All seems well, until the façade of their grand finale dissipates and Ben is still trying to reawaken Mya. He finally puts Mya’s headphones around her head. As Ola Podrida’s version of “Atmosphere” is heard one final time, she closes her eyes and a single tear runs down her face.

There are plenty of ways to interpret this coda. Throughout the film, Ben seems to survive his struggles by returning to a flashing image of Mya staring at him on a train as an image of hope. Many see the montage as a flash forward, the anticipation of Ben’s heroic fantasy completed. Yet, the themes discussed above would suggest a different interpretation. This is not Ben’s reality, but Mya’s dream, fantasized from within her signal-trance. After all, it’s a vision that ends when Ben puts on her headphones.
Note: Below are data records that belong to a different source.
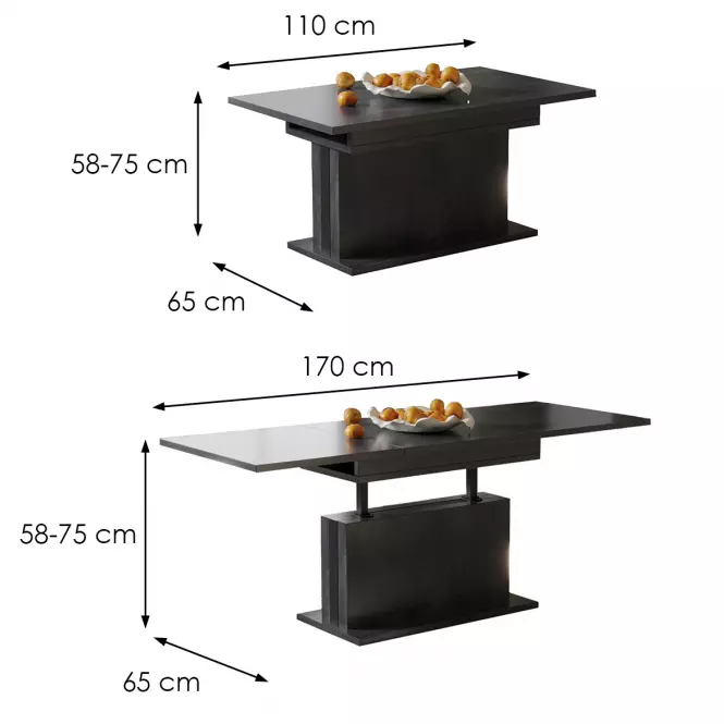 Dodatkowym atutem jest regulacja wysokości blatu od 58 do 75 cm, dzięki czemu ławostół Solaris 170 można łatwo dostosować do różnych potrzeb – od niskiej ławy po pełnowymiarowy stół.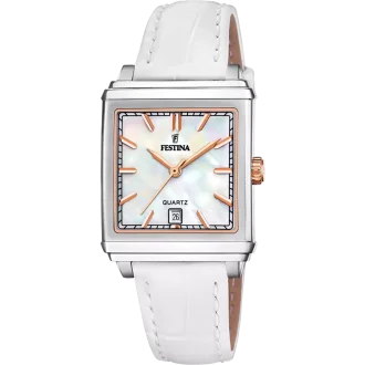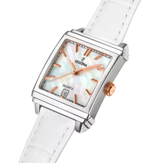 8430622819056Women's dress watch Festina 20682/1 with an elegant square mother-of-pearl dial and a white leather strap. Precise Japanese Miyota movement, 50M water resistance, and a practical date display. A stylish accessory for women who want to shine. More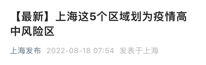 上海市新冠肺炎疫情防控工作领导小组办公室发布8月18日消息:根据《新型冠状病毒肺炎防控方案(第九版)》要求,经研究决定,调整本市以下区域风险等级(具体时间根据相关区域按照国家要求落实相应管控措施起计算):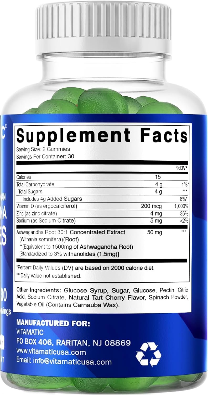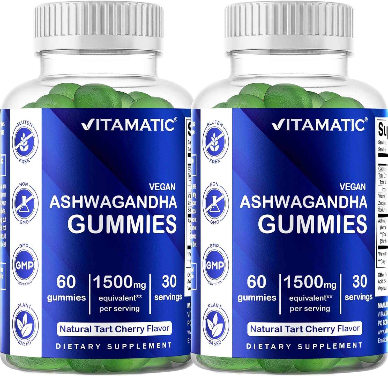 2 Pack Vitamatic Ashwagandha Gummies 1500mg per Serving – 60 Vegan Gummies – 3% Withanolides – Promotes Stress Relief Naturally, Relaxation, Calmness & Immune Health (Total 120 Gummies)

Ultimately, Mya’s delusion, her vision to join Ben and “fuck our way to freedom” is just as abstract and untenable as Lewis’s concept of the perfect family unit. It’s that which puts her in that chair at the terminal and nearly kills her. This kind of simulated reality, albeit an idealistic one, is equally capable of replacing the actual, laying down our defenses, and making us vulnerable and unprepared for the harsh truths of the world around us.

Hence, The Signal ends by inferring that the ideal will always be more attractive than the actual. But there are no fantasy endings, no short ways out, no romance that can defeat modern horrors in and of itself. Beyond the noise, beyond the construct of identity, there’s only the natural world. Only that has been here before we started ascribing our mythologies to it. Only that will be here after those same mythologies destroy us.